Response surface methodology (RSM) is a three factorial model which illustrates the relationship between one or more independent variables. RSM can be used to optimize the fermentation medium for the production of Cyclosporin A from the isolate Tolypocladium inflatum. The optimal point of the response surface area is predicted by using a seconddegree polynomial model and applying the statistic model obtained from the central composite design (CCD). The results of optimizing the fermentation medium for Cyclopsorin using the three independent variables of glucose, casein, and KH2PO4 show that all three of the independent variables affect the production of Cyclosporin A. There is a positive interaction between the independent variables of glucose and casein, however, there is no visible interaction between glucose with KH2PO4 and casein with KH2PO4. By using the mathematical model the total optimum result obtained is 1230.5 mg L-1, glucose concentrate 28.5 g L-1, KH2PO4 concentrate 0.74 gL-1, and casein concentrate 9.8 g L-1. Laboratory validation shows that Cyclosporin A productivity is 1197.285 mg L-1. There is a value difference of 2.7% between the expected productivity of Cyclosporin A using the mathematical model and the actual production in laboratory tests.

Bahasa Abstract

Optimasi Medium Fermentasi untuk Produksi Cyclosporin A Menggunakan Response Surface Methodology.
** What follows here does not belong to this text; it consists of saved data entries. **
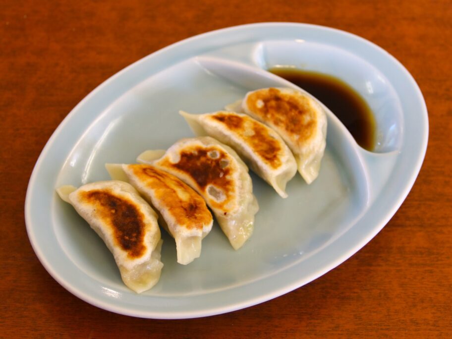 餃子は野菜が多めでジューシー。ニンニクがよく効いています。こちらも食べるラー油を使い、激辛にしてチャーハンとともにいただきます。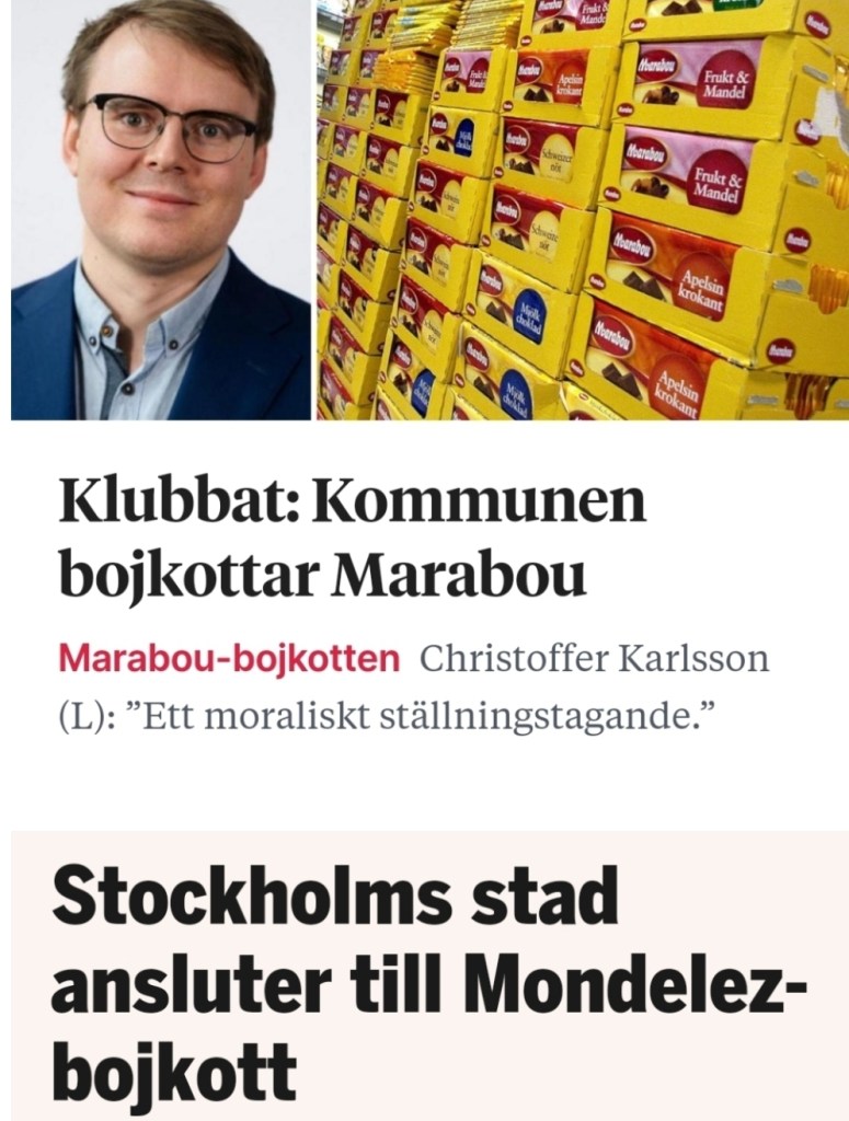 Den löjliga bojkotten av Marabou fortsätter och nu ansluter sig såväl Stockholms stad som Lunds kommun till Västra Götalandsregionens beslut att sluta köpa in varor från Mondelez.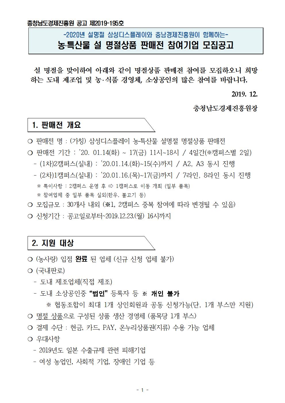 | 삼성디스플레이 농,특산물 설명절 명절상품 판매전 모집공고 |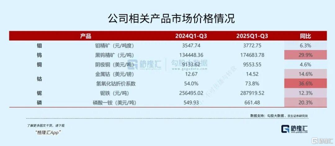 钼钨业务聚焦中国境内优质矿山,通过提升回收率稳定产量;铌磷业务深耕巴西市场,是全球第二大铌矿运营商,铌铁产品全球市占率达30%,直接供应波音、空客等航空巨头。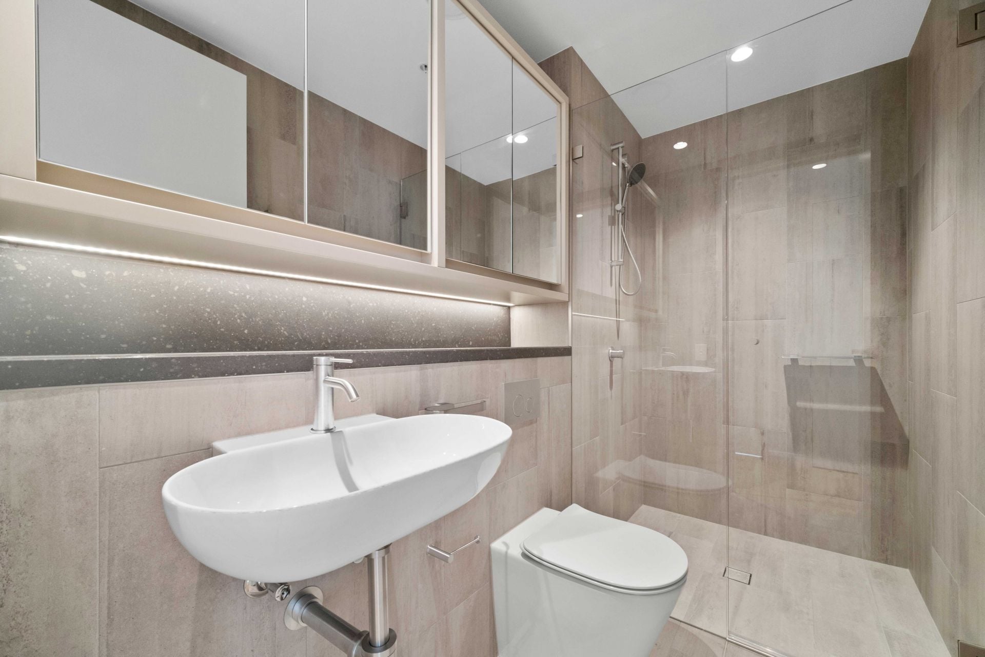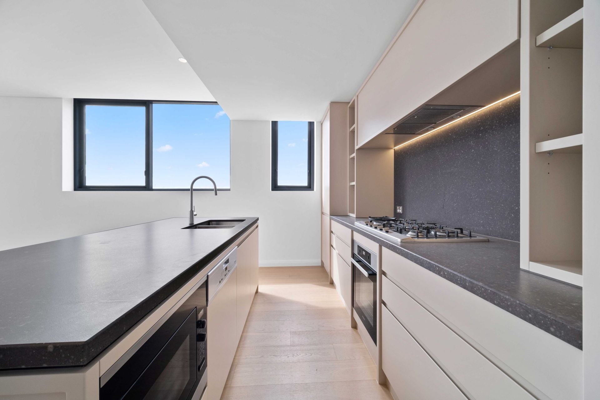 - Modern open-plan kitchen with stone bench top and high quality stainless steel appliances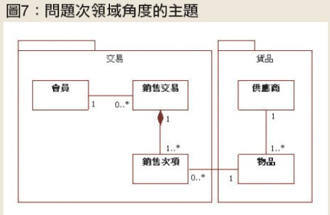 而且,最好採用「問題次領域」(problem sub-domains)做為主題範圍,這樣的主題會比傳統使用功能分解的角度要好多了。問題領域大約可以細分成4個到5個問題次領域,而且每一個問題次領域中,約略可以包含50到100個類別。

Response surface methodology (RSM) merupakan model tiga faktorial yang dapat menjelaskan hubungan antar variabel independen satu sama lainnya. RSM dapat digunakan untuk optimasi medium fermentasi produksi Cyclosporin A menggunakan isolat Tolypocladium inflatum. Daerah permukaan respon yang merupakan titik optimum dapat diduga dengan menggunakan model polinomial orde kedua dengan menerapkan model statistik central composite design (CCD). Hasil optimasi medium fermentasi produksi Cyclopsorin A dengan menggunakan variabel bebas glukosa, kasein, dan KH2PO4 menunjukkan bahwa ketiga variabel bebas tersebut memiliki pengaruh nyata terhadap produktivitas Cyclosporin A. Ada interaksi positif diantara variabel bebas glukosa dengan kasein, namun demikian tidak terdapat interaksi nyata diantara glukosa dengan KH2PO4 dan kasein dengan KH2PO4. Dengan menggunakan model matematik diperoleh data titik optimum sebesar 1230.5 mg L-1 pada konsentrasi glukosa 28.5 g L-1, konsentasi KH2PO4 0.74 g L-1, dan konsentrasi kasein 9.8 g L-1. Hasil validasi data yang dilakukan dilaboratorium diperoleh produktivitas Cyclosporin A sebesar 1197.28 mg L-1. Dengan demikian terdapat perbedaan 2.7% antara produktivitas Cyclosporin A yang dihasilkan dari nilai dugaan menggunakan model matematik dengan nilai sebenarnya yang diperoleh dari hasil percobaan di laboratorium.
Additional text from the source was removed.